Warren Buffett’s Berkshire Hathaway took nearly $1 billion in writedowns on three stocks last quarter under pressure from U.S. regulators who disagreed with the company’s accounting for losses in those shares, according to a series of letters released Monday.
The writedowns are the latest development in an ongoing dispute between Berkshire, which maintains the companies are strong and their shares will rebound over time, and the Securities and Exchange Commission, which has consistently taken a view that the losses are not temporary and should be recorded.
In its 2010 annual report, Berkshire disclosed $938 million in writedowns in the fourth quarter for other-than-temporary losses on certain stocks. It did not disclose which ones or why.
But the letters between the company and the SEC released Monday identify the stocks in question as Swiss Re, US Bancorp and Sanofi-Aventis.
On Dec. 10 last year, SEC accounting officials wrote to Berkshire asking the company to explain how it accounted for shares where the investment was in a loss position, and how it justified not recording those losses.
Berkshire responded on Jan. 11, making the argument — as it has consistently done in past — that the shares were acquired for less than their intrinsic value, that Berkshire intends to hold them for the long term and that the companies have sufficiently good prospects as to make Berkshire believe the shares will rise over time.

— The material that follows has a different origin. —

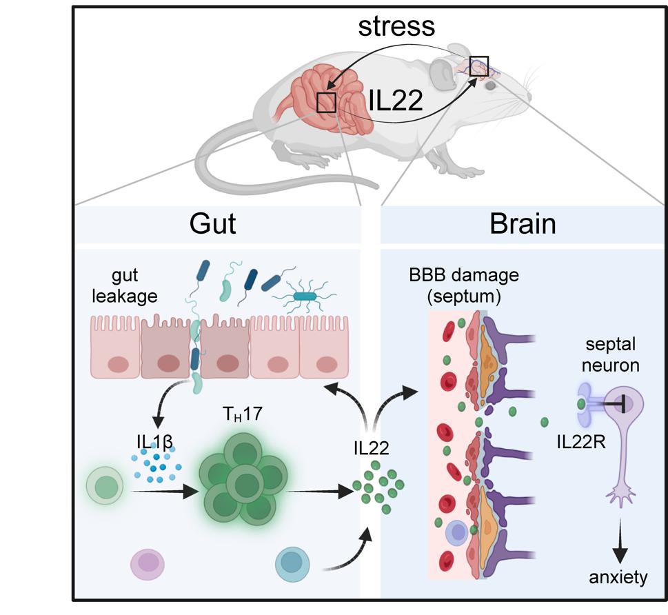 2024年12月6日,风车动漫 于肖飞团队在Immunity发表了题目为Elevated IL-22 as a result of stress-induced gut leakage suppresses septal neuron activation to ameliorate anxiety-like behavior的文章,报道了在压力诱导的免疫系统早期激活阶段,肠道中的TH17细胞增多并增加白细胞介素(interleukin)22(IL-22)的产生,IL-22可通过直接抑制脑隔区神经元的激活而降低小鼠的焦虑行为,从而揭示IL-22介导的脑肠轴可减轻精神压力对机体的影响。

The two sides had two subsequent meetings in January, and in a Feb. 4 letter to the SEC, Berkshire Chief Financial Officer Marc Hamburg relented and said the company would take the charges.
“[As] a result of our discussions, we recognize that the staff believes that GAAP could be interpreted in such a manner that an (other-than-temporary impairment) charge should be recorded with respect to each of these investments,” Hamburg said, referring to prevailing accounting standards.
It is the second time in less than six months that Berkshire has disclosed an accounting dispute with the SEC over its stock holdings. Last October, the company revealed it had been questioned in the second quarter on why it was not recording losses on some shares.